Recorded data
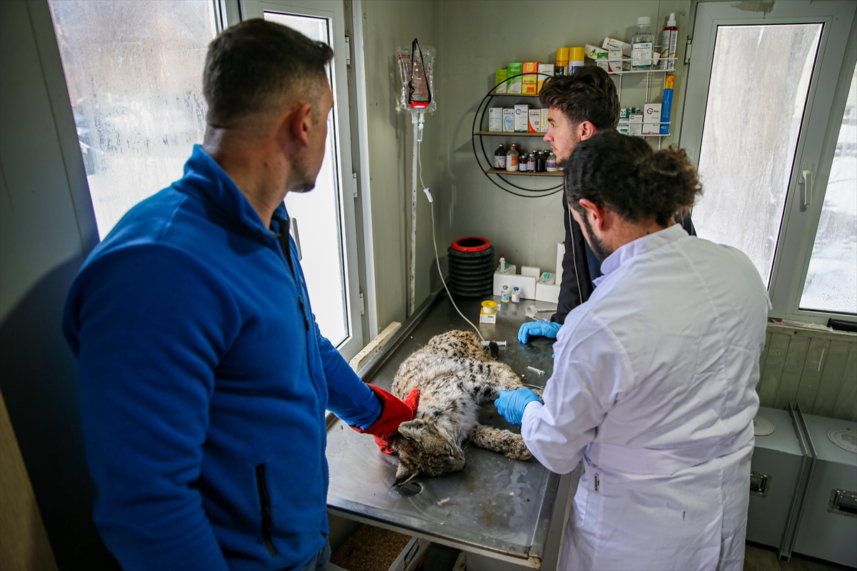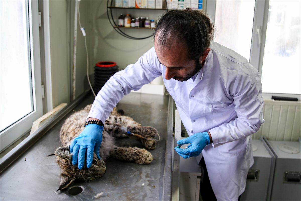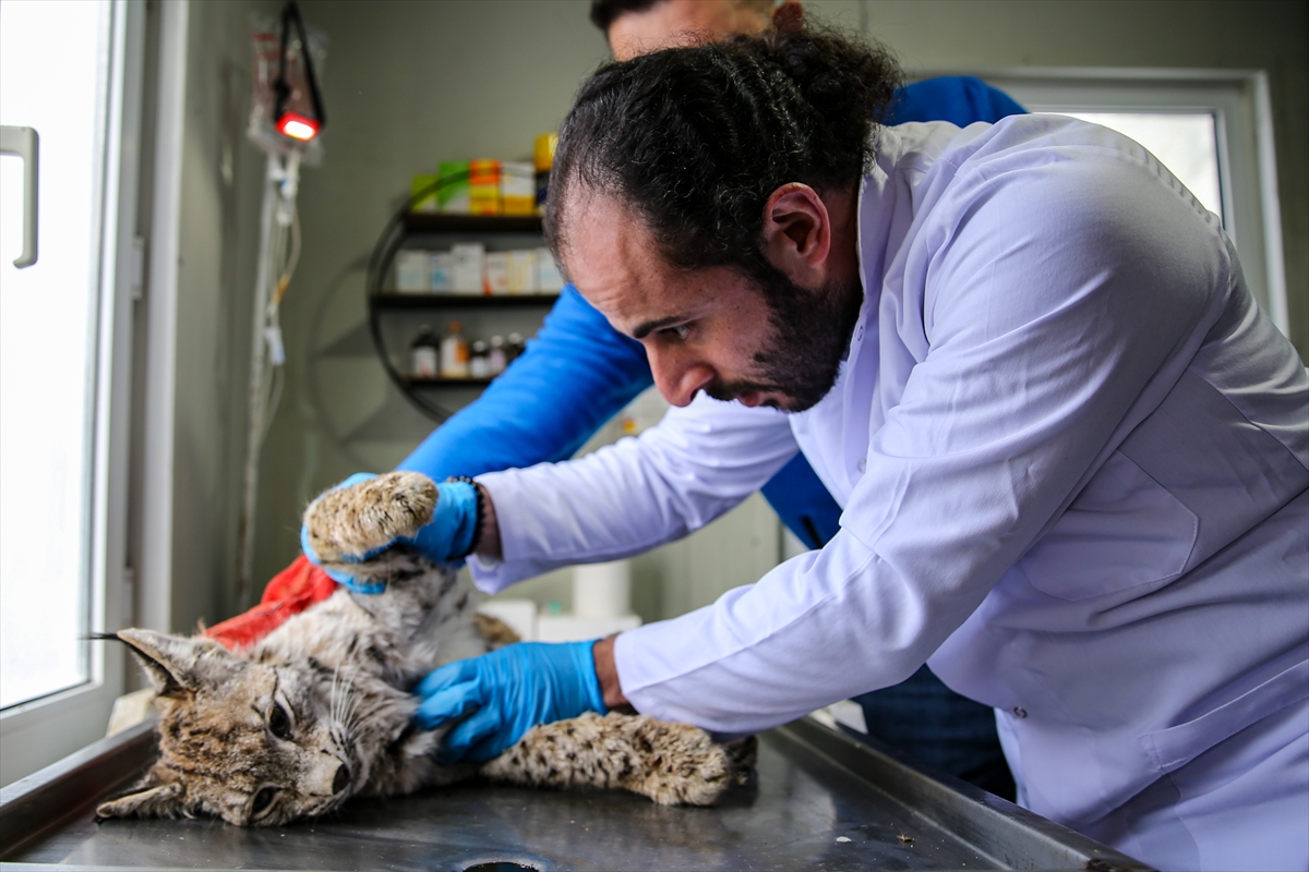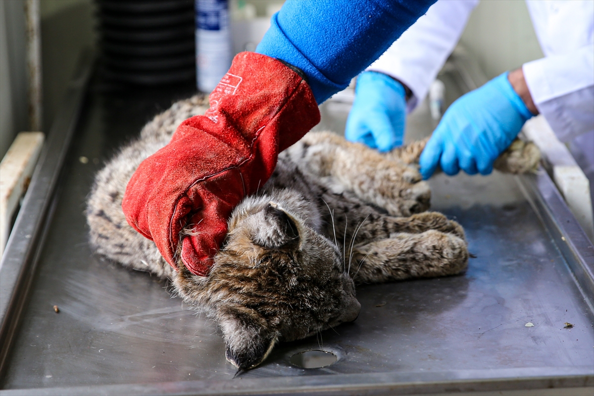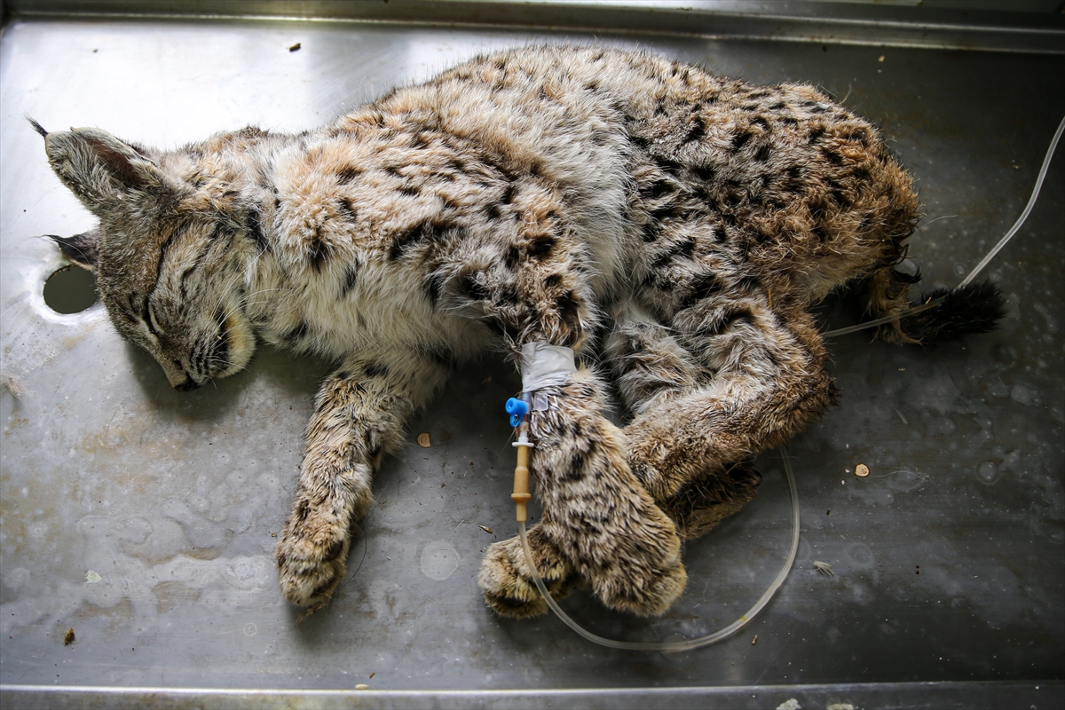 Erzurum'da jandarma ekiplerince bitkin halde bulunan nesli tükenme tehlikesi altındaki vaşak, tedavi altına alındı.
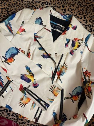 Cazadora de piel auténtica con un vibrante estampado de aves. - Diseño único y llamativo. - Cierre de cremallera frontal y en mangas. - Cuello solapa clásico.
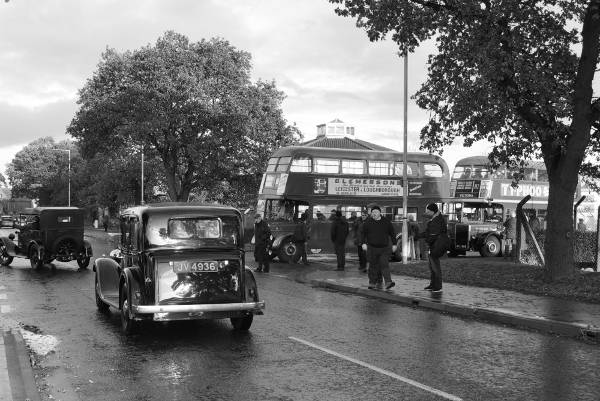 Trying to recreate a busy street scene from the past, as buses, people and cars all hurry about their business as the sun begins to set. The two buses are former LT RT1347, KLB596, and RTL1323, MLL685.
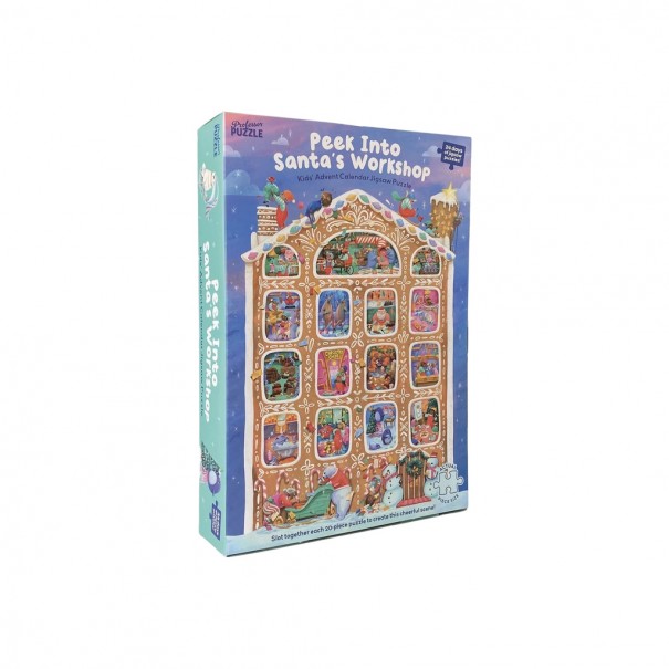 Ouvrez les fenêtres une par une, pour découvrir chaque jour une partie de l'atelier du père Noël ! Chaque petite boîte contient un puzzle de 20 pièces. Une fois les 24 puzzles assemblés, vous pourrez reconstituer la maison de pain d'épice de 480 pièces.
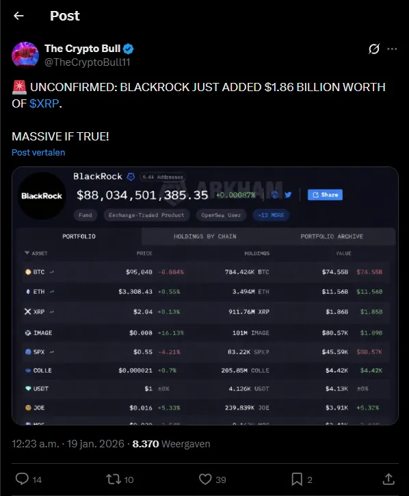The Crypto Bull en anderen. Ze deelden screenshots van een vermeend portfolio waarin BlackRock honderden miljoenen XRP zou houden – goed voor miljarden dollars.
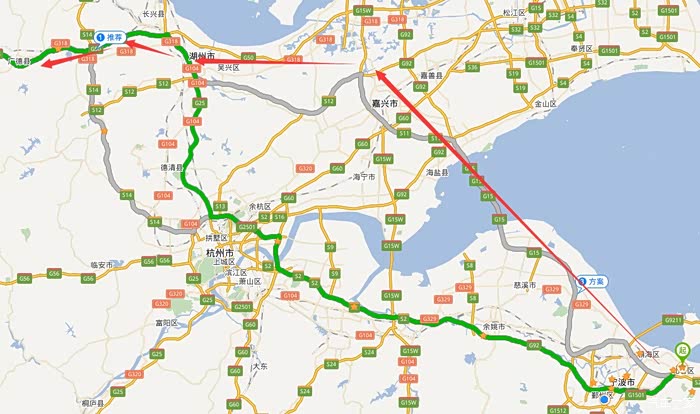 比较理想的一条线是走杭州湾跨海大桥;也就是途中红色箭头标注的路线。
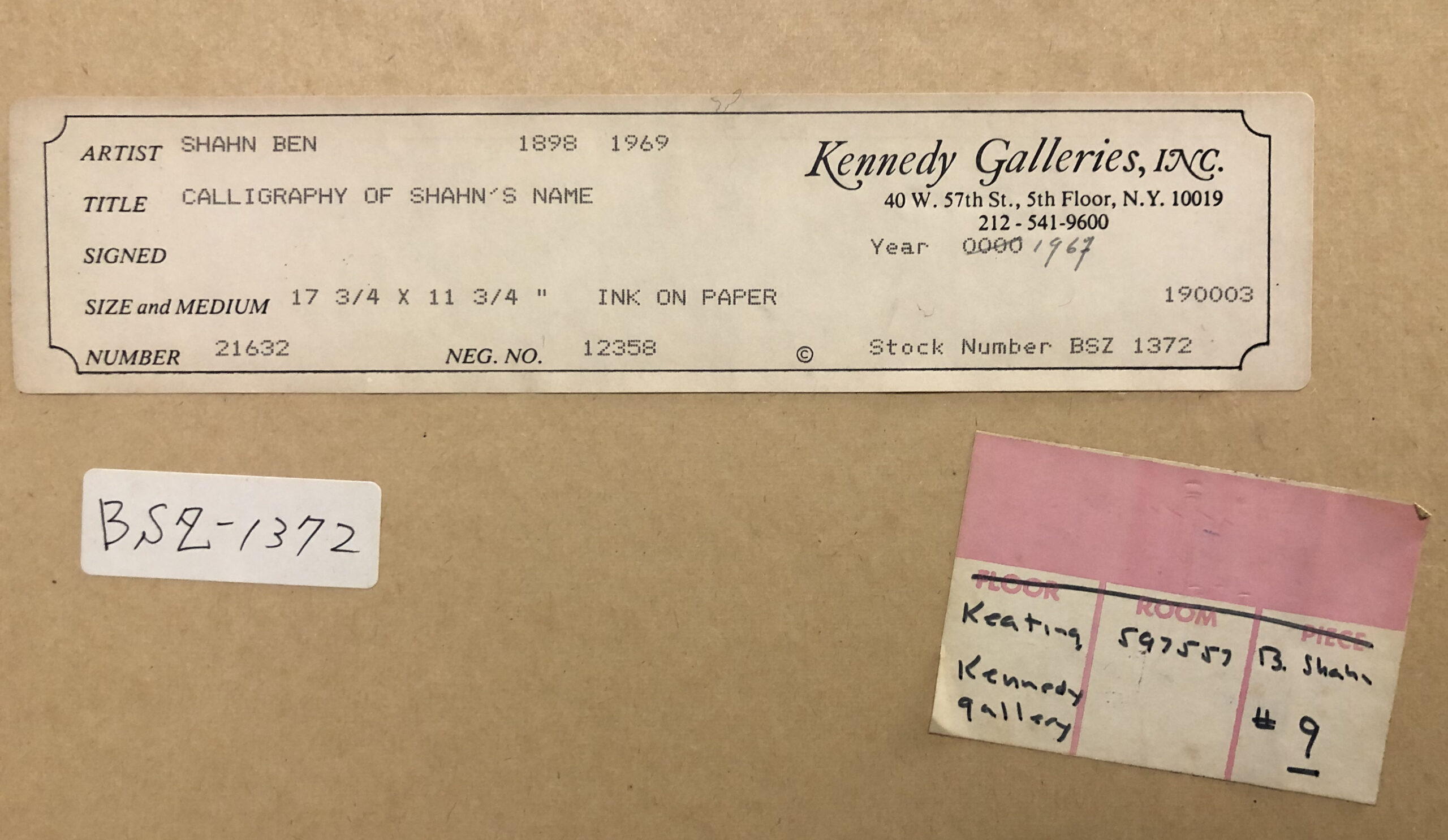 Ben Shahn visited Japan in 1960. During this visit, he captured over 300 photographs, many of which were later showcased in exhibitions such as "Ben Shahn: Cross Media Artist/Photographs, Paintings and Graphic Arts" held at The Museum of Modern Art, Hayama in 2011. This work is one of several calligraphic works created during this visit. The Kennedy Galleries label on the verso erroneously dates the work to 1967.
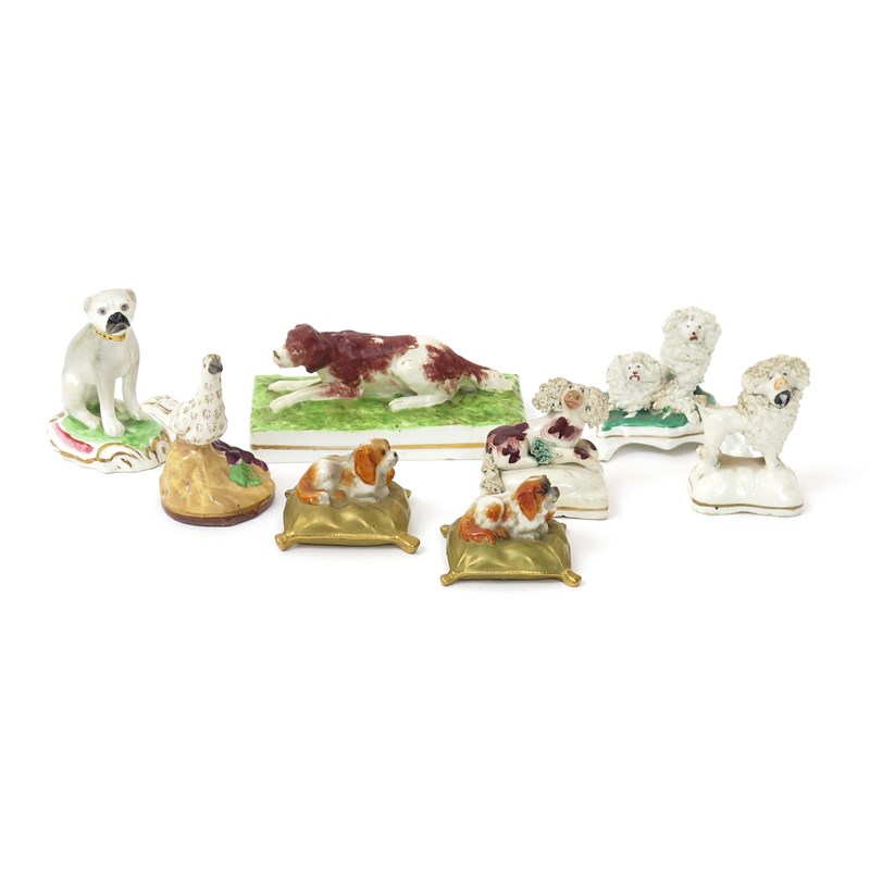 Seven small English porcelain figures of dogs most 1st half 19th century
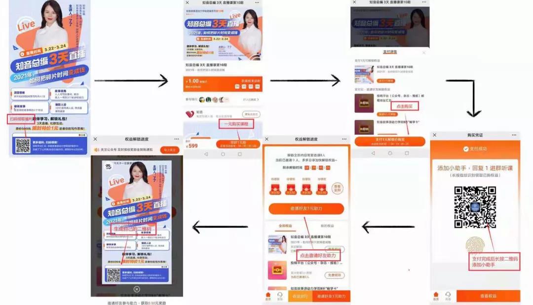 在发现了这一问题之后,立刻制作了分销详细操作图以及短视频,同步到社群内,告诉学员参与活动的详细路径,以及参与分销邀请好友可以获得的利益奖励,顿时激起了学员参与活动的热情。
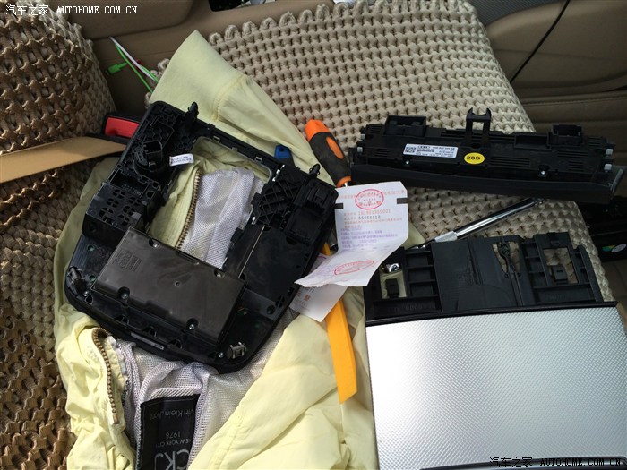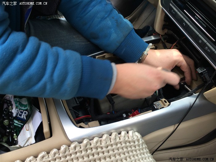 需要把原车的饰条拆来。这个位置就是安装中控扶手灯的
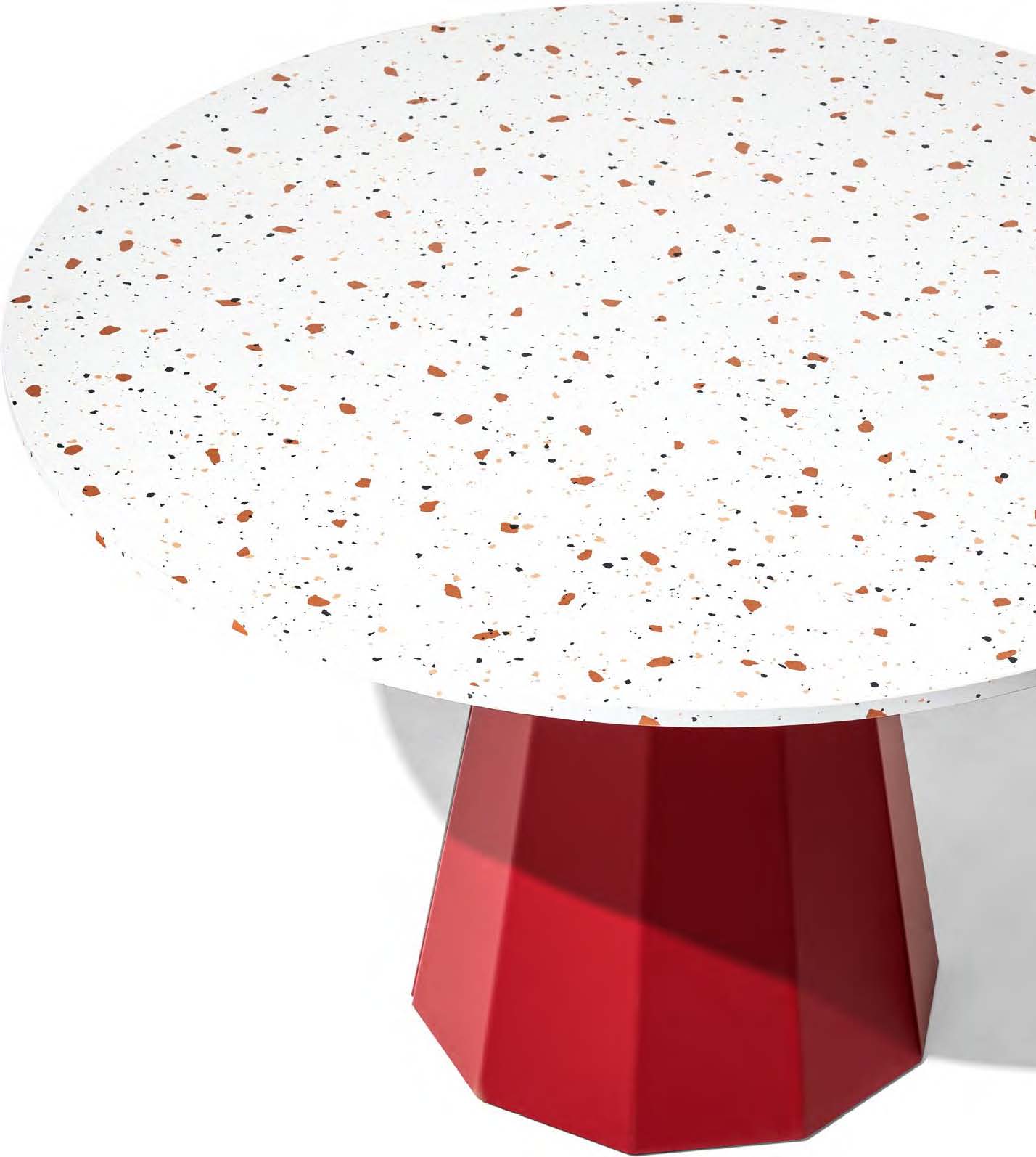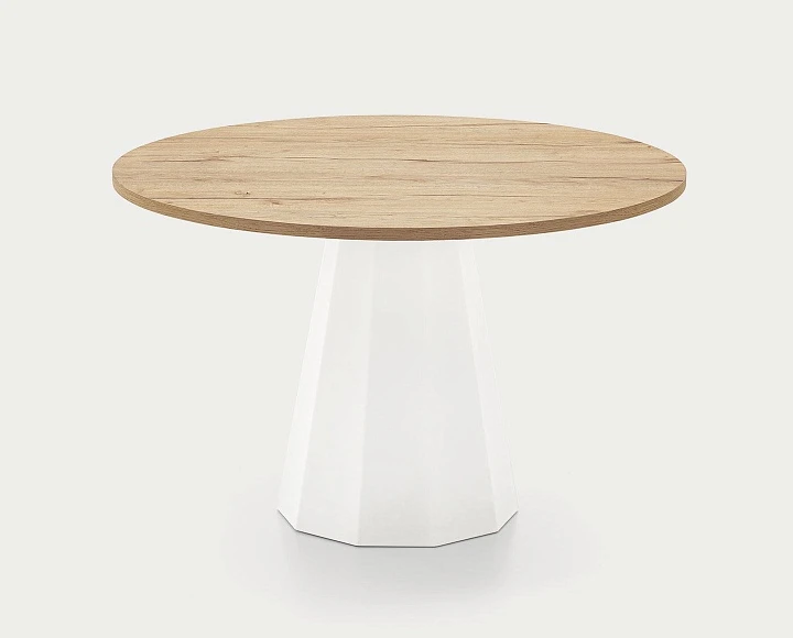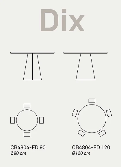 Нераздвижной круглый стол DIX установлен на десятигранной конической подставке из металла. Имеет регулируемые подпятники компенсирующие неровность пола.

WORK TASK
Write the lines from the one containing "Cazadora de piel" through the end of the data above exactly as they appear, and do not carry over any picture.

YOUR SOLUTION
 Cazadora de piel auténtica con un vibrante estampado de aves. - Diseño único y llamativo. - Cierre de cremallera frontal y en mangas. - Cuello solapa clásico.
 Trying to recreate a busy street scene from the past, as buses, people and cars all hurry about their business as the sun begins to set. The two buses are former LT RT1347, KLB596, and RTL1323, MLL685.
 Ouvrez les fenêtres une par une, pour découvrir chaque jour une partie de l'atelier du père Noël ! Chaque petite boîte contient un puzzle de 20 pièces. Une fois les 24 puzzles assemblés, vous pourrez reconstituer la maison de pain d'épice de 480 pièces.
The Crypto Bull en anderen. Ze deelden screenshots van een vermeend portfolio waarin BlackRock honderden miljoenen XRP zou houden – goed voor miljarden dollars.
 比较理想的一条线是走杭州湾跨海大桥;也就是途中红色箭头标注的路线。
 Ben Shahn visited Japan in 1960. During this visit, he captured over 300 photographs, many of which were later showcased in exhibitions such as "Ben Shahn: Cross Media Artist/Photographs, Paintings and Graphic Arts" held at The Museum of Modern Art, Hayama in 2011. This work is one of several calligraphic works created during this visit. The Kennedy Galleries label on the verso erroneously dates the work to 1967.
 Seven small English porcelain figures of dogs most 1st half 19th century
 在发现了这一问题之后,立刻制作了分销详细操作图以及短视频,同步到社群内,告诉学员参与活动的详细路径,以及参与分销邀请好友可以获得的利益奖励,顿时激起了学员参与活动的热情。
 需要把原车的饰条拆来。这个位置就是安装中控扶手灯的
 Нераздвижной круглый стол DIX установлен на десятигранной конической подставке из металла. Имеет регулируемые подпятники компенсирующие неровность пола.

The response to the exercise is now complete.